Have the micron five gallon plastic inserts you are talking about. Bought the kit of three. The 400 and 600 are so close I can't even tell the honey apart. The 200 lets more through, which ends up on the top anyways. They don't work very good stacked, I use only one per bucket that way I can have three buckets going at one time. If I bough them again I would just get all one size, maybe the 600. 

No idea about cheesecloth.


----------



## frustrateddrone (Jan 31, 2015)

Something very cheap....... get a paint strainer from the paint department. That's all you need. CHEAP as in under a buck I think. Toss it when done.


----------



## COAL REAPER (Jun 24, 2014)

frustrateddrone said:


> Something very cheap....... get a paint strainer from the paint department. That's all you need. CHEAP as in under a buck I think. Toss it when done.


yass!!!


----------



## shinbone (Jul 5, 2011)

COAL REAPER said:


> yass!!!


Me too!

I've got the plastic strainers, but they clog up so quick they are useless for me. The nylon mesh paint strainers have a large mesh surface area, so they don't clog as fast.


----------



## frustrateddrone (Jan 31, 2015)

frustrateddrone said:


> Something very cheap....... get a paint strainer from the paint department. That's all you need. CHEAP as in under a buck I think. Toss it when done.

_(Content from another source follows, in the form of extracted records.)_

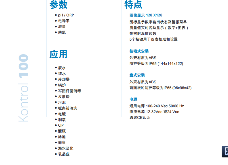 Kontrol 100系列單參數儀表 是一款設計用于滿足礦泉水加工、純水、CIP、食品生產及加工、鍋爐水處理等諸多水處理領域之水質檢測控制儀表。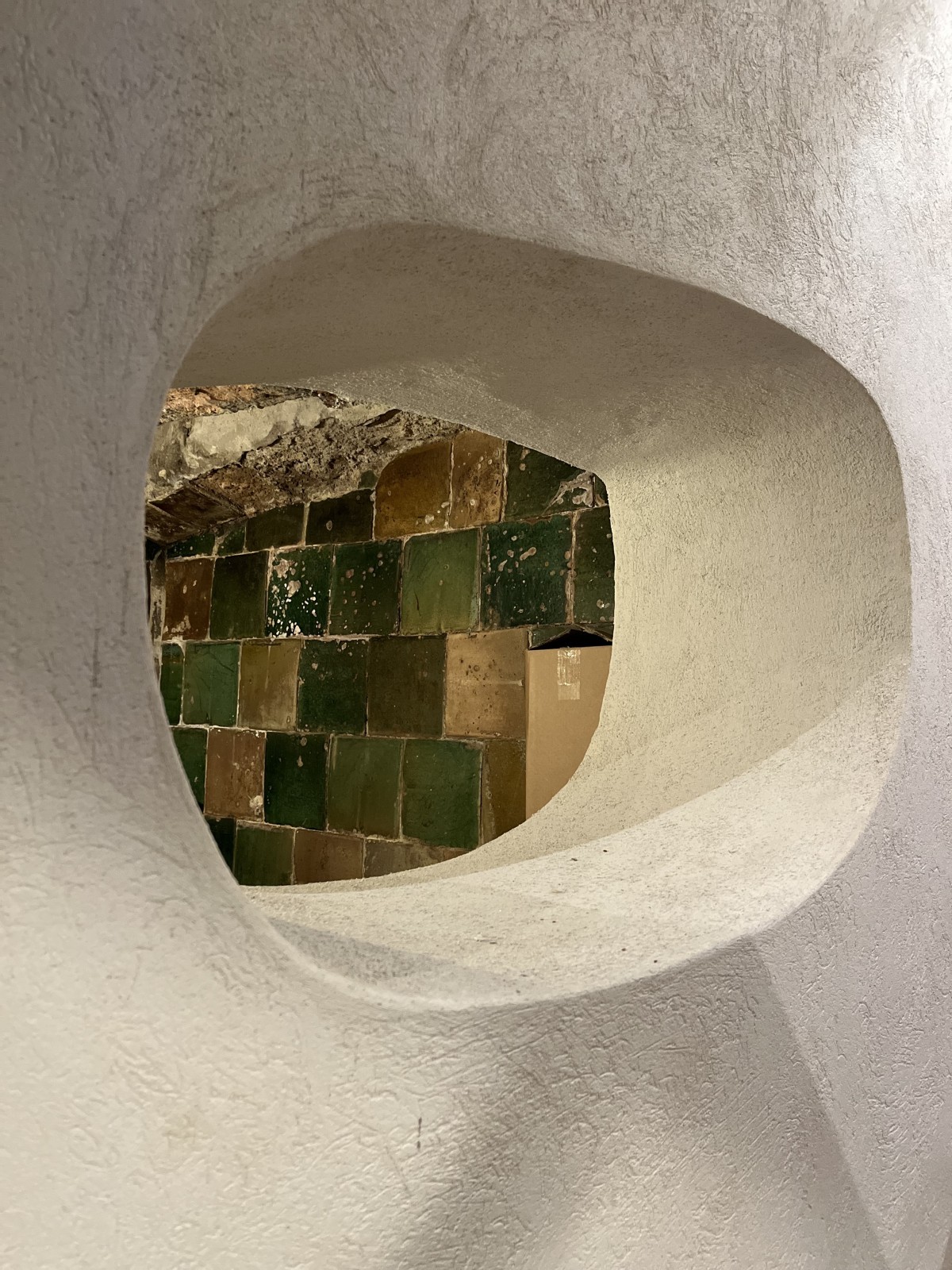 Des banquettes maçonnées, accompagnées d’un jeu de coussins, invitent à la détente et rappellent l’esprit des bistrots où l’on se retrouve pour partager un verre de vin, un repas ou un moment entre amis.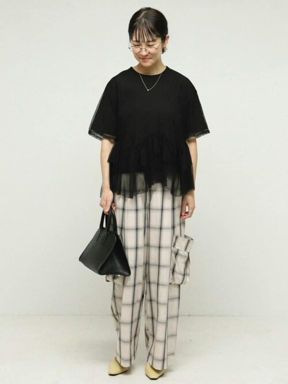 チュールのシアー感とスクエア型に入ったギャザーが1枚で主役級のカットソーと 秋ムード漂いながらも今すぐ着れる オンブレーチェックイージーパンツのスタイリング パンツはイージーながら前の開き見せステッチが綺麗に見せてくれるのと大きなパッチポケットがポイントです♪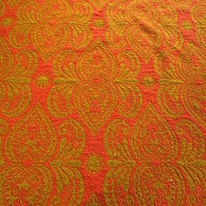 Vintage 1960s bedspread, orange and avocado green pattern, fringed, twin size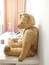 This is Victor. He was found in my grandmother's house attic, in France. My grandmother says he did not belong to her and is probably older. She is 80. According to my research he might be as old as 1910/1920. My grandmother says it was probably a gift from her godfather, and he might've bought it in Germany. Covered in short fur. Paws are furry as well, different color from the body. Glass eyes. Articulated at the shoulders and hips. No brand tag. Eyes originally brown, mostly lost their color.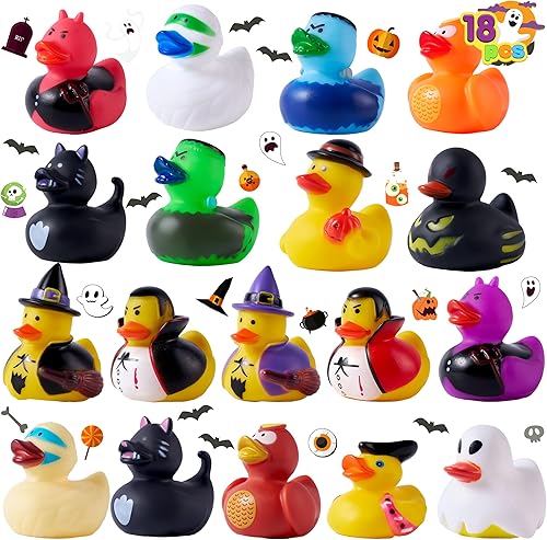 JOYIN 18 PCS Halloween Rubber Ducks, Halloween Ducks Toys for Trick or Treating Goodie Bag Fillers, Bathtub Toys Duckies for Halloween Party Favors Decorations, School Classroom Game Prizes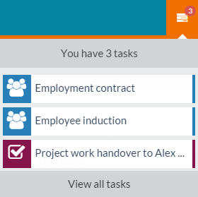 Automatic system tasks will be generated from time to time, which will relate to tasks that your organisation require you to complete. These could be to notify you to complete your performance review, to return your signed employee contract if you’re new starter or approving leave requests for team members, should you be a manager/team leader.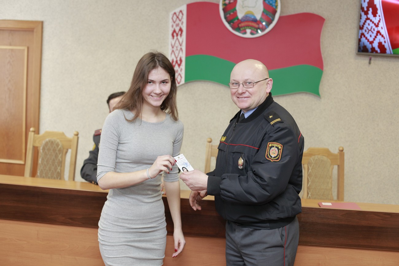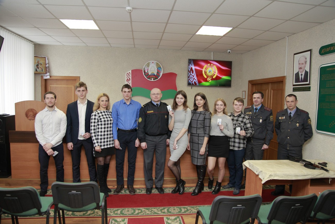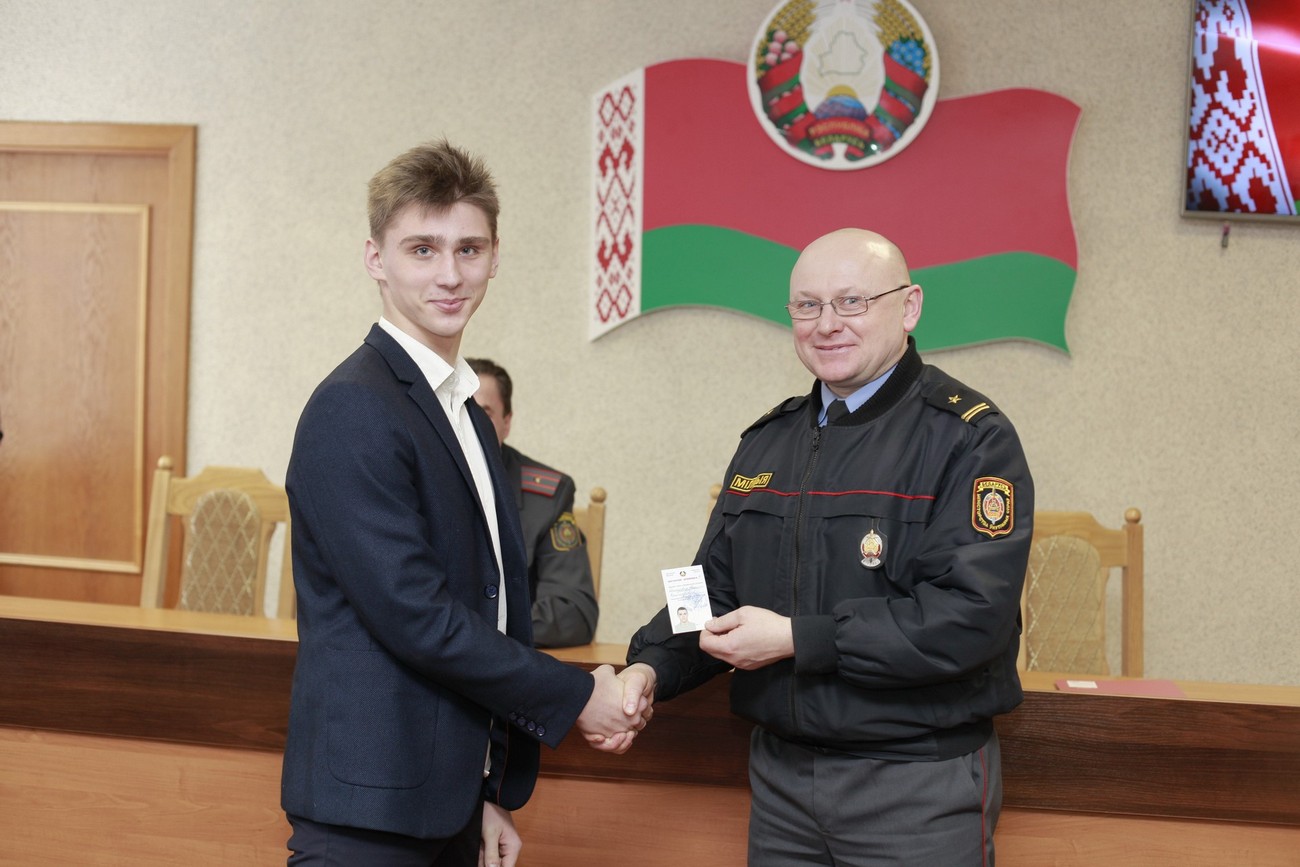 Заместитель начальника по идеологической работе, кадровому обеспечению, майор милиции Никитенко Алексей Николаевич вручил удостоверения семи активистам. Данные удостоверения вручаются за активное участие в охране правопорядка, профилактике правонарушений среди несовершеннолетних и молодежи, реализации патриотических акций и проектов ОО «БРСМ».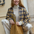 schoudertas van Chloé in de kleur gold khaki in het materiaal suede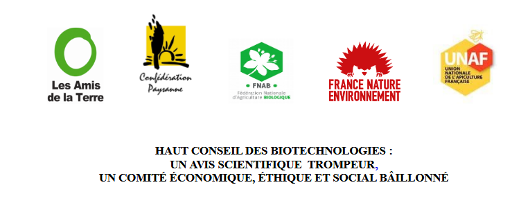 la Confédération paysanne, la Fédération nationale d'agriculture biologique, France Nature Environnement, les Amis de la Terre et l'Union nationale de l'apiculture française publient un communiqué de presse commun pour dénoncer l'avis rendu ce mercredi par le HCB, le Haut Conseil des biotechnologies, sur le projet de décret sur la réglementation des OGM issus de mutagenèse.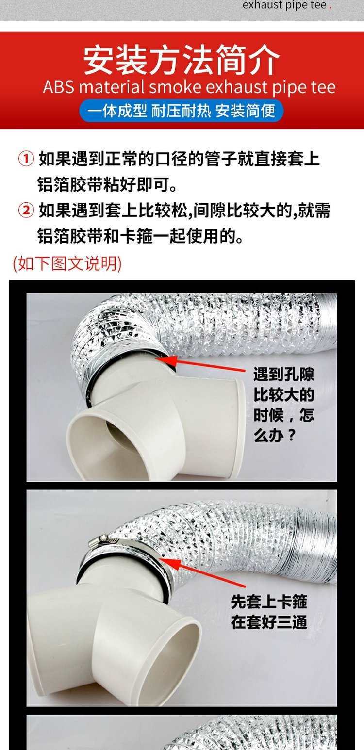 Tee de escape al por mayor tubo de plástico papel de aluminio junta de tubo de ventilación derivación de ventilación tres interruptores manguera interfaz tipo Y 100

Sorry! Source was from YouTube Channel "Dirt Rooster 628" Was not thinking of that at the time I posted it


----------



## COAL REAPER (Jun 24, 2014)

line bucket with paint strainer. fill with honey. lift paint strainer out and place in second bucket. repeat.
forget the 200, 400, 600 inserts! even the stainless ones too!


----------



## Fivej (Apr 4, 2016)

Coal Reaper and others: Do you hang the bag in the 5 gal bucket in some way, or is the bag a lot shorter than the 5 gal bucket? I am wondering how much honey you can get in the 5 gal bucket before you have to switch it to a new bucket. Thanks, J


----------



## allniter (Aug 22, 2011)

I USE window curtain shears [sp]--- U know what goes behind your drapes-- U double them put them in plastic strainer --don;t like cheese cloth too many loose strings


----------



## shinbone (Jul 5, 2011)

Fivej said:


> Coal Reaper and others: Do you hang the bag in the 5 gal bucket in some way, or is the bag a lot shorter than the 5 gal bucket? I am wondering how much honey you can get in the 5 gal bucket before you have to switch it to a new bucket. Thanks, J


I use a 5 gallon nylon mesh paint strainer in a 5 gallon bucket. I pull the strainer about halfway up the bucket, and then apply about 20 wood clothes pins around the rim of the bucket to hold the strainer in place.


----------



## COAL REAPER (Jun 24, 2014)

Fivej said:


> Coal Reaper and others: Do you hang the bag in the 5 gal bucket in some way, or is the bag a lot shorter than the 5 gal bucket? I am wondering how much honey you can get in the 5 gal bucket before you have to switch it to a new bucket. Thanks, J


no, the bag reaches down to the bottom. i FILL it up. then just lift bag out.
cheese cloth has loose fibers. paint strainers are synthetic and have near zero loose anything. couldnt have anything getting in your paint, now could you? paint rollers on the other hand...get quality ones of those to limit fibers, unless your just painting bee eqipment.


----------